Racing The Wind

 

Free at last! Little Eddy Royal and his misbehaving mother, Missy, have been turned out to pasture, so to speak. Eddy turns one-month old in a couple of days and for the first two weeks of his life he, Missy, and Uncle Brumbie were free to roam the 200-acre east meadow. Then, for health reasons, I put the three of them in the 2-acre paddock to limit Missy’s feed. And of course we all know that led in Eddy’s losing battle with the barbed wire fence resulting in he deep chest laceration when he and his mom inexplicably ended up on opposite sides of the fence.

 

 

So after that one week in the big paddock they were downsized into the very small corral that Bob and I hastily constructed from stock panels.
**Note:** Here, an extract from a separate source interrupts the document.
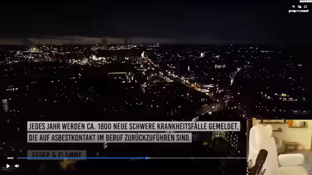 01:53:56Während der Löscharbeiten stellt das Team fest, dass das Gebäudedach aus asbesthaltigen Faserzementplatten besteht. Die Asbestfasern sind für die Feuerwehrleute eine extreme Gesundheitsgefahr, da sie hochkrebserregend und lungengängig sind. Es wird beschrieben, wie das Team durch das Tragen spezieller Schutzmasken und durch die strikte Decontamination nach dem Einsatz versucht, sich zu schützen. Die gesundheitlichen Risiken, insbesondere die lange Latenzzeit bis zum Ausbruch von Krankheiten, werden als erheblich angesehen.

These were set up around the stall that is part of the hay barn so the mare and foal shared a space for the past week that is about 24 feet by 48 feet. We’ve had to feed hay every day and Bob’s been packing water to them from the river. And we’ve taken turns shoveling horse poop and soiled straw from their limited confines, twice a day.

 

 

I’ve been visiting Eddy and Missy every morning and evening. I spend at least an hour with them each trip. I clean and doctor Eddy’s wound, clean the corral, flake out hay, and let Eddy out of the corral for a spell to practice feeding on green grass, and to work on his lessons. He is a very smart horse, quick to learn. At 3-weeks he is completely halter broken and will walk, trot and stop at my side when I ask him to. He’s been learning to back up the last few days and yesterday I introduced him to being tied up. I tied him to a firmly set post, snubbed up tight, then let him figure out that he wasn’t stronger than the post. I had to train him to stand while tied because with Bob gone, I need to doctor him by myself. We’ve even been going on some little walk-about. I lead him, or he leads me, into the nearby trees or behind the barn. But Missy, who remains in the corral, gets awful panicky, then Eddy wants to rush the 100 yards or so back to her. At least once a day, sometimes twice if I have time, I let him loose to gallop and hop and kick and cavort all through the tall, green grass. Then he grazes for a bit but quickly gets bored and runs some more, then asks to be let back in the pen with mom.

 

 

His wound is doing well and it doesn’t really need the homeopathic spray I’ve been using to heal any more. Since yesterday I’ve been having a strong inclination to let them back into the wide-open spaces of the east field so Eddy isn’t so bored. And I feel like he is not as muscular as he once was and needs more exercise. I’m sure I could list half a dozen reasons why it might be better for him to be running free, and an equal number for why he should stay corralled. But, my intuition has been strongly in favor of turning them loose so tonight, after an extra long schooling session, I took off his halter like usual for a romp, but then let Missy out too. It was somewhat anti-climactic for a while as they grazed their way over to Brumbie and the three of them mostly just ate. I hung out with the herd and pet Eddy as much as I could so he won’t snub me in the future when I try to love on him in the wild.

 

 

After about 20 minutes Missy seemed to figure out she was free and started grazing further and further away from the barn. Eddy seemed to think this was exciting so he started to run and romp and buck his way far out into the meadow with Missy and Brumbie moseying along. I guess Eddy’s antics finally got the best of the grown ups who started trotting after him, shaking their heads and acting playful. This encouraged Eddy to go nuts and he tore around the big field running as fast as the wind. I watched and smiled and waved good-bye as they raced a half-mile off toward the forest. When I got back to the cabin I found Eddy through the binoculars and he was still galloping and rearing and generally just tearing it up. He’s gotten more exercise tonight than in the entire past week of confinement. That just has to be good for him.